Media chiefs offer upbeat
message to Wall Street
NEW YORK - Media owners and marketing services chiefs have spent the past few days offering a generally upbeat take on the advertising environment and their own performance in 2001 to an anxious crowd of US portfolio managers and analysts at the annual UBS Warburg media conference.
Bob Cohen, senior vice-president director of forecasting at Universal McCann, kicked off the event, predicting that US adspend in 2001 is headed for a decline of 4.1% to £165.1bn. The forecast also predicts adspend should rise by 2.4% to £168.9bn in 2002.
While Cohen predicted an upturn in next year's economy as a result of the Olympics and political advertising, others wondered where to look for such signs of a trend. WPP CEO Sir Martin Sorrell, who has remained steadfast in his view that the upturn is not around the corner, told delegates that he saw "no rays of sunshine the others have been talking about" in an academic speech touching on issues such as population declines.
Sir Martin noted that airlines, tourism and insurance, all businesses affected by September 11, account for around 1% of the company's revenue. He added that WPP's headcount had been reduced from around 53,000 to 49,500 to reduce costs. Despite the bad news, the WPP chief said he is focusing on growing business in Asia, particularly with China's entry to the WTO, and with web-related projects which he insisted would account for a larger part of the revenue pie in future years.
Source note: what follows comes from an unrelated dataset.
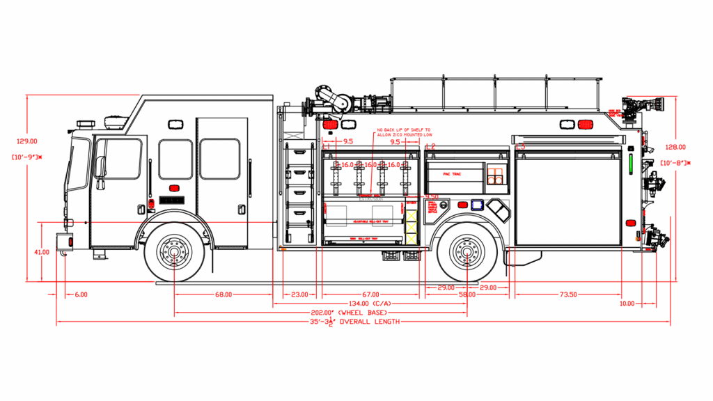 Kenworth T880 Commercial Chassis, Cummins X15 605 HP Engine, Hale RME 3000 GPM Pump, 300 GPM Balanced Pressure Foam System, 1000 Gallon Foam Tank, 3/16″ Heavy Duty Extruded Aluminum Body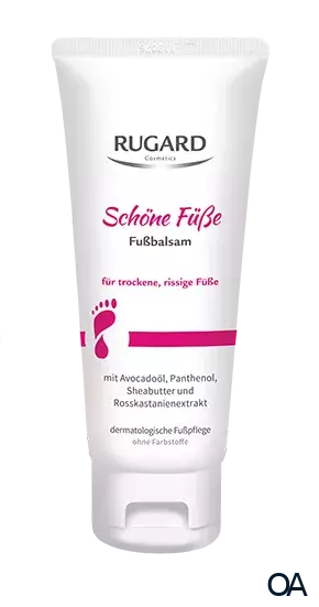 Rugard Schöne Füße Fußbalsam mit Panthenol, Sheabutter und Avocadoöl spendet Feuchtigkeit, regeneriert und pflegt die Füße geschmeidig weich. Erfrischende und regenerierende Feuchtigkeitspflege für trockene, rissige Füße.

Viacom chief operating officer Mel Karmazin and colleague David Poltrack, CBS Television's research chief, were both bullish on the ability of network TV to weather the storm. Karmazin castigated rival networks for dropping prices for this year's upfronts, saying: "GE (which owns NBC) and Disney (which owns ABC) sold at lower prices. We felt confident in our line-up. We sold 65% of our inventory at high prices. Our strategy has worked very effectively."
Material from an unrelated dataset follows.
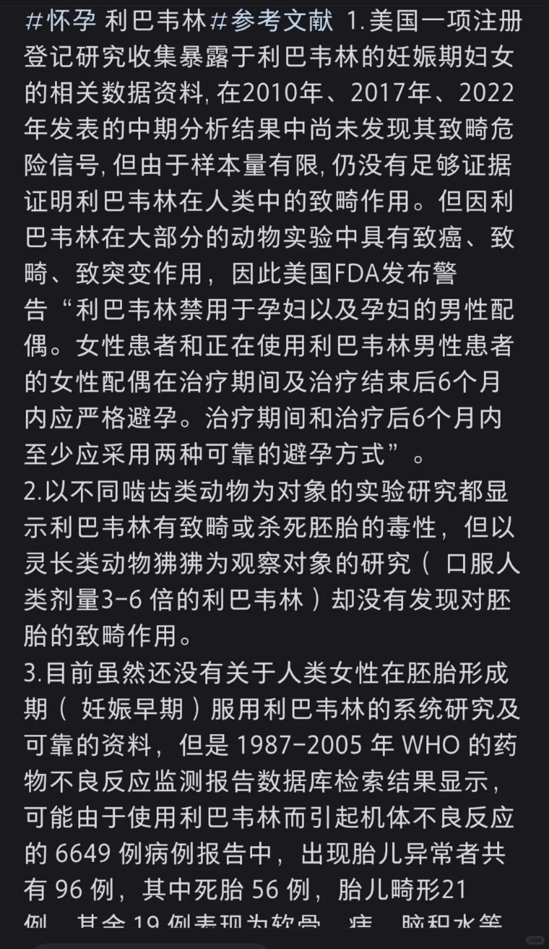 #怀孕 #利巴韦林 图片上的三段话是我让学生查到的关于利巴韦林的资料,每段概括起来就是:

Poltrack said that the network TV scatter market was "remarkably resilient, with prices matching or exceeding upfront levels".
He added that third-quarter TV adspend on the four major US broadcast networks was down 23% on the period last year, while fourth-quarter ad estimates would come in 7% below.
Poltrack told the audience that, should the economy improve slightly in 2002, network television advertising revenues would increase 6%, citing evidence that there had been few 2002 cancellation options exercised.